Cartman manipulates the drunken Confederate reenactors into actually striving to win the reenactment. At the after party, all of the reenactors, Confederate and Unionist, are now drunk on the Schnapps, Cartman rallies them to attack Topeka, which is presumed by the reenactors to have been the next battle. The next day, Topeka is assaulted by the drunken South Park Confederates and the entire town falls. As the invasion continues town by town, their ranks are continually bolstered by either Confederate supporters or men who would simply choose to avoid fighting them. Stan, Kyle, and Grampa Marsh travel to Chattanooga which is under attack by the Confederates. The National Guard also arrives on the scene and shoots a warning flare into the air which kills Kenny (who had joined the Confederates under Cartman's promise of "lots of plunder and womens").

The boys hatch a plan to rid the army of their primary fuel, the S'More Schnapps.
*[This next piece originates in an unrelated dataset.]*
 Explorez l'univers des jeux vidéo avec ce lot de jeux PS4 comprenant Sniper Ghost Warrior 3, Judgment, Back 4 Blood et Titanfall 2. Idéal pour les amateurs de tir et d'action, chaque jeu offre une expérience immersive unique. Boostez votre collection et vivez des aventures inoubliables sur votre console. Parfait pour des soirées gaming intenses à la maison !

The army soon wakes up with raging hangovers and quickly disbands, but Cartman calls the Jägerminz company, who deliver to the entire army truckloads of alcohol. With the men drunk again, the next target of the Confederates is Fort Sumter. Though they easily overrun and secure the fort, they are then faced with the National Guard. The latter is defeated with help from Confederate reinforcements made up of the entire population of South Carolina.

Finally the Confederate Army reaches Washington, D.C. The army demands the Confederate States of America to be a separate country and blackmail President Clinton by threatening to release a (bluff) video of him with Marisa Tomei. Grandpa, realizing that the drunken men still think that the entire campaign is a reenactment, gets Stan and Kyle dressed up as Jefferson Davis and Abraham Lincoln, just in time to prevent Clinton from signing the surrender, with the added condition that the South receive a free year's supply of Schnapps. The entire army breaks up happily and leaves upon surrender to Cartman's dismay, Stan and Kyle then rip Cartman's beard off causing him to scream in pain which echoes through earth to space.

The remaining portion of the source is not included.